======== EXTRACTED MATERIAL ========
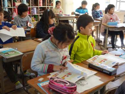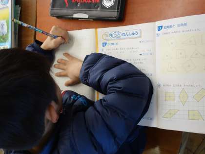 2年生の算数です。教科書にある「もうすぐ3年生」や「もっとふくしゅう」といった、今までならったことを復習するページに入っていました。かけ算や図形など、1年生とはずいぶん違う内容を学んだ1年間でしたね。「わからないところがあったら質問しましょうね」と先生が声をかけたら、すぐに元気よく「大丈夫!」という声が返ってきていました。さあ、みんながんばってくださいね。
========
======== EXTRACTED MATERIAL ========
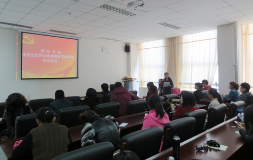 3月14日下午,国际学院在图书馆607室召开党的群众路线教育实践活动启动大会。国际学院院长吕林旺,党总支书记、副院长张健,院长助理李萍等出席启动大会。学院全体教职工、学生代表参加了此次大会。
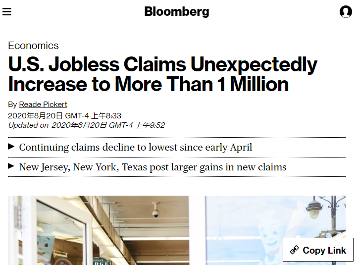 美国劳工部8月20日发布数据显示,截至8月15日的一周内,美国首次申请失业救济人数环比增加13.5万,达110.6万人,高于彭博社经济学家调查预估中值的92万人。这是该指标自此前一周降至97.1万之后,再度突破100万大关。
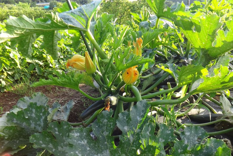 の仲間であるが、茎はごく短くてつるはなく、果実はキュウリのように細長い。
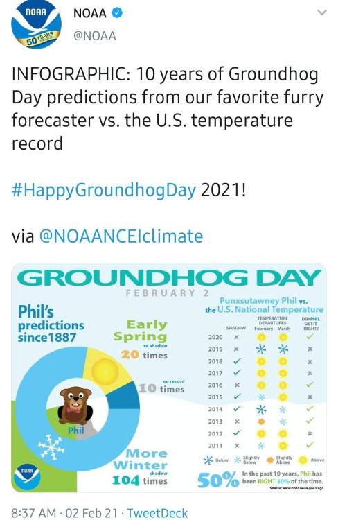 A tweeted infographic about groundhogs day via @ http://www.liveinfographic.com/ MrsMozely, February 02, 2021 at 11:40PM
========
======== EXTRACTED MATERIAL ========
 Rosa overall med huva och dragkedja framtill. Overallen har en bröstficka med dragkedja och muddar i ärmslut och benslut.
========
• **PROBLEM DETAILS**
"の仲間であるが、茎はごく短くてつるはなく、果実はキュウリのように細長い。" marks the first line to copy, and "A tweeted infographic" marks the last. Repeat that stretch above exactly, with no pictures.

• **ANSWER TO THE PROBLEM**
 の仲間であるが、茎はごく短くてつるはなく、果実はキュウリのように細長い。
 A tweeted infographic about groundhogs day via @ http://www.liveinfographic.com/ MrsMozely, February 02, 2021 at 11:40PM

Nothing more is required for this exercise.